Three for scattered light

skitter scatter
what colours remain
are cast out.
sky puddled
fast fading.
more even are
the tones of evening.
blue grey
a whiter silence
in dimming
quiet.

the little
fishes
of light
dash in
shoal
and dissappear.
day’s end
ripples
and
stills.
one by
one,
the stars.


reach out
wrench out
long words
from the quiet
of rock
a ripe round
water spell
rope woven.
wet and light
a yielding tongue,
honey warming,
shreds deceit
swept away:
poisoning scum.
the apple heart
of earth,
sun-ripened,
golden.


It seems the sunset theme is self-perpetuating….

Sunset (Last light)

Sunset (Last Light)

The road will come to an end in fire.
Struck dumb in light, a blaze of shadows punching through.

The bluff fingers of Wolf’s Ridge:
Its bared teeth stained red for a moment,
Picked bones and the impossible low laugh of ravens.

Gossip is still gossip though it rhymes.
Arwyn calling his sheep has more of Taliesin in him
Than all that cool dicing of sentences and city-slick say-so.
More of Aneirin in his mutterings: the fickleness of hounds,
The blast of grey rain scouring the slopes
Above neat, labelled towns in two warring languages.

No ceremony at the end of the day,
No fanfare sunset, no golden road, no moments reflection.
Day’s end, like a casual death, a fast artic blasting hot and close
Along narrow lanes, tick clocking, tachometer disabled.
We war Time and, hopeless, hope to win.
The map, a chessboard, a magical gwyddbwyll board
Littered with small victories and imminent defeat.

The sun will set whether we watch or not.
In the parlour tea is laid out.
One bar on the electric to keep off damp and rheumatics.
The sun, a slow thief, has taken colour from the mantelpiece portraits
And given it back to a thin blue sky,
A blush of pink, a heartbeat or two stolen from memories.

The heather will be shouting purple on the hillside now,
Smelling the end of summer and the crisping of bracken
And the tiny push of fungi fingering up through centuries of dust and gravel,
Delicate as the word of God on a Monday morning.
But not yet, not yet.
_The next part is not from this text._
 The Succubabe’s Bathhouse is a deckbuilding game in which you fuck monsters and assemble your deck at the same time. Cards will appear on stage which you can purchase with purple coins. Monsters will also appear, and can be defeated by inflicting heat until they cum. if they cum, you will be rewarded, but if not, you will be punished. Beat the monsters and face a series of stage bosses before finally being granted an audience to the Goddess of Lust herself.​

Wait for twilight and dank darkness and the sweat of dew fall,
And fox and owl marking out their own fields of killing and loving.
From deep in her set the vixen suckles the dawn and dusty sun.
From their rickety, woven heights the hooting owls can see
And see again another and another sunset, further and further west,
Each hilly horizon making it anew ’til the end of time.
They know somewhere it is always sunset, somewhere always dawn.
The fungi feel it too – the sun’s path below the ground,
The path of electrons, the spin of stars,
The mutterings of shepherds and the slow counting of the dead and buried,
(Ears open for the Last Trump in case they, day-dreaming, miss it,
And losing the last vestige of decency, become fields and woods
And the sheen of light on puddled lanes).

The chapel roof, high as a barn, catches the last light
And rings to itself a psalm of glory.
It will all fade to a dull ache and a cough of cloud.
A thing of beauty does not last forever, lest we forget the truth of it.
A map of words and hope can carry much,
but not so much as this eternal river.
The whisky-dark, blue-throated Irfon wanders through its valley’s dreams,
News of another day’s sunset carried eastwards towards another dawn.
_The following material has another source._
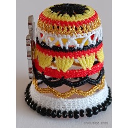 Top ajouré noir- haut jaune rouge et argent - bas perlé noir sur bande blanche

This is the last of the batch of sunset poems, except maybe a few fragments that may be sewn together sometime. Tied to personal memory of the senses and of times and places, it is very difficult for the writer, I find, to evaluate the effectiveness of the words that for other readers do not have the same connection. We are left with the shaping of the music of the sound of the words, and the hope that it will find some resonance in sympathetic minds. Endless fiddling with a creative moment may be a diverting occupation, but there is no promise that the end result will be appreciated any more. It comes down to the moment, its life energy and the taste or distaste of the reader. Second guessing the reader is stultifying and fruitless. I think I did find some useful concept/images in working on this theme, but they seem still rather scattered throughout the different voices that emerged in the various poems. There is quite a debris of purple, romantic and metaphysical gush that did not find a home. To be expected with the topic, I suppose. That’ll do for now, though.